[[ MATERIAL FOR THE TASK open ]]
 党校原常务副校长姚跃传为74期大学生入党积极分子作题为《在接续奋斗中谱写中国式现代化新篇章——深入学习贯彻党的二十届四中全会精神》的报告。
[[ MATERIAL FOR THE TASK closed ]]
[[ MATERIAL FOR THE TASK open ]]
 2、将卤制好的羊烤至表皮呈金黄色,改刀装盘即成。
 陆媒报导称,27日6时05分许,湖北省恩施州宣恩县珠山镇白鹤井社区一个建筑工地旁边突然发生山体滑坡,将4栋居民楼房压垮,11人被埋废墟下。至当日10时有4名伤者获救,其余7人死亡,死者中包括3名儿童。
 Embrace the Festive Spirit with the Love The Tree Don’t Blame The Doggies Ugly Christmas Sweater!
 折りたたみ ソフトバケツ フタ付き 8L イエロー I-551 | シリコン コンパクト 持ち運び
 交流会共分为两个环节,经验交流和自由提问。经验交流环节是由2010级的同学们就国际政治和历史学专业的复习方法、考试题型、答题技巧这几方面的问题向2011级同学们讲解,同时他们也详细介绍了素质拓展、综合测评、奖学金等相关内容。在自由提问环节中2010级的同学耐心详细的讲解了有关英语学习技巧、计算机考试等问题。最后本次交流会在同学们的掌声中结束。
[[ MATERIAL FOR THE TASK closed ]]
[[ MATERIAL FOR THE TASK open ]]
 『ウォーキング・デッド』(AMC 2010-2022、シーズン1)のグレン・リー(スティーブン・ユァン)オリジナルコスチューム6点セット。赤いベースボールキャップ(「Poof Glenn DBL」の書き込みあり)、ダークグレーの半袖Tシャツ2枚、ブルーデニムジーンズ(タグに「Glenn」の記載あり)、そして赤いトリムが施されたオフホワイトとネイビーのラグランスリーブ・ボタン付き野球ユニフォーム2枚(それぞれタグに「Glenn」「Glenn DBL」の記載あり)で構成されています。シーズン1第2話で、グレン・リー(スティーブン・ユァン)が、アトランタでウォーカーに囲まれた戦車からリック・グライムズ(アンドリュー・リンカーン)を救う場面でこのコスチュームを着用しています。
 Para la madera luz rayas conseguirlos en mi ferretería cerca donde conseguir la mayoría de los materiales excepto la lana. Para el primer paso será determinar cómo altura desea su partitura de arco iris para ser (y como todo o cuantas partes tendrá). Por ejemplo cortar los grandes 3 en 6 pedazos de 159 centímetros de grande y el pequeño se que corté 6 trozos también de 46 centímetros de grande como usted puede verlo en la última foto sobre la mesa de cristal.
[[ MATERIAL FOR THE TASK closed ]]
GOAL OF THE EXERCISE> Look above for the line holding "折りたたみ ソフトバケツ フタ付き", then set down exactly that line and every line after it up to and including the line holding "交流会共分为两个环节,经验交", with nothing else.

TASK OUTPUT>
 折りたたみ ソフトバケツ フタ付き 8L イエロー I-551 | シリコン コンパクト 持ち運び
 交流会共分为两个环节,经验交流和自由提问。经验交流环节是由2010级的同学们就国际政治和历史学专业的复习方法、考试题型、答题技巧这几方面的问题向2011级同学们讲解,同时他们也详细介绍了素质拓展、综合测评、奖学金等相关内容。在自由提问环节中2010级的同学耐心详细的讲解了有关英语学习技巧、计算机考试等问题。最后本次交流会在同学们的掌声中结束。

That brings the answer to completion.